Adam Obeng

Child's Play

| Categories: dataviz, infographics, academic

Isn’t it the most cliched thing to not update a blog for a while, and then apologise for doing so? Well I’m an iconoclast, so that’s not happening.

A little while ago, Rachel Schutt and Andrew Gelman both noticed an advertising poster for Speck,1 which used a pseudo-Venn diagram to convey a very confusing message. It looks like National Highway Traffic Safety Administration had a similar idea:

An NHSTA Child Car Safety advertising poster, showing a Towers of Hanoi-like child's toy, annotated with statistical description

The message of the campaign is important, it goes without saying. And given that I’m talking about it,2 the campaign is probably being effective in communicating what it intends to: way too few kids are in the correct car seat.
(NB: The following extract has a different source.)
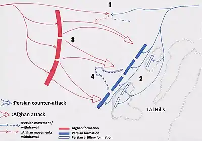 A rearguard of a few thousand mounted troops covered Nader's ongoing deployment to the left, on the Tal hills. In a break with conventional deployment patterns in oriental armies of this period Nader placed his artillery pieces behind his line infantry, where from their elevated positions on the high ground they overlooked the compact formations of Persian Jazāyerchi (musketeers) at the base of the hills as well as the valley in front of them.[3] The Afghan left which had come into contact with the Persian rearguard and instead of pursuing them fell back in line with the rest of Ashraf's army when the rearguard was withdrawn. Ashraf gave the order for an all out charge driving his cavalry army of 40,000 riders towards the Persians whom were now awaiting at the foot of the Tal hills. The terrifying horde of Afghan riders charged forward with incredible speed and impetus.

However, there are some obvious problems with it as a piece of data visualisation. The poster I saw is part of a set of five, each with the same message, but with a different child-related item used to display the statistic:

NHTSA car seat pencil poster

NHTSA car seat bottle poster

NHTSA car seat sneaker poster

NHTSA car seat stacking toy poster

NHTSA car seat popsicle poster

So what is the number of incorrectly-attached kids? According to the Fact sheet, “3 out of 4 kids are not as secure in the car as they should be because their car seats are not being used correctly.” Unfortunately, no source is listed for that claim, so let’s say that the number is 75%.3 How well do these posters convey that number? This table shows the proportion secure as displayed in each poster:

LengthArea
Pencil0.1360.183
Stack0.250.172
Sneaker0.30.0797
Popsicle0.1310.169
Bottle0.2600.260

The scales drawn on the posters suggest that the length of the various elements is supposed to represent the statistic. This is moderately dubious, especially in the case of the of the ‘Sneaker’ diagram, so you might think that the proportion is measured by the area indicated instead. Depending on which poster you read, the proportion of kids who are properly attached (25%) looks to be somewhere between the problematic 30% and the scandalous 8%.

There are other problems too with these posters as data visualisations. For example, the bottom four rings on the ‘stacking toy’ poster collectively represent the 75% of incorrect seats. But they are of different colours and sizes, suggesting that there are four pieces of information being displayed, not just one. But here, it’s a distinction without difference.

The data visualition versus infographic distinction is a contested issue, but somewhere in there is the following question: is it that the numbers are used to convey the message, or instead that they are the message? Would a more accurate or consistent visualisation be better at conveying the message? Maybe not.

  1. Full disclosure: I’ve had a Speck case on my MacBook Air since the day I bought it, and it’s brilliant. 

  2. I am probably not the target audience, given that I have neither kids nor, indeed, a car. 

  3. There is a prior problem which I’m glossing over here. The 75% number is the proportion of all kids who are not properly secured, whereas the claim in the adverts is the proportion of properly secured kids of those people who think their child is properly secured. There are almost certainly parents who do not think their kids are properly secured when they in fact are, but this is understandably a less pressing problem. However, it could be that all the children who are not properly attached have parents who know this already, in which case this sort of media intervention is not likely to be effective. I concede that this problem is probably just philosophical and not relevant to this particular case.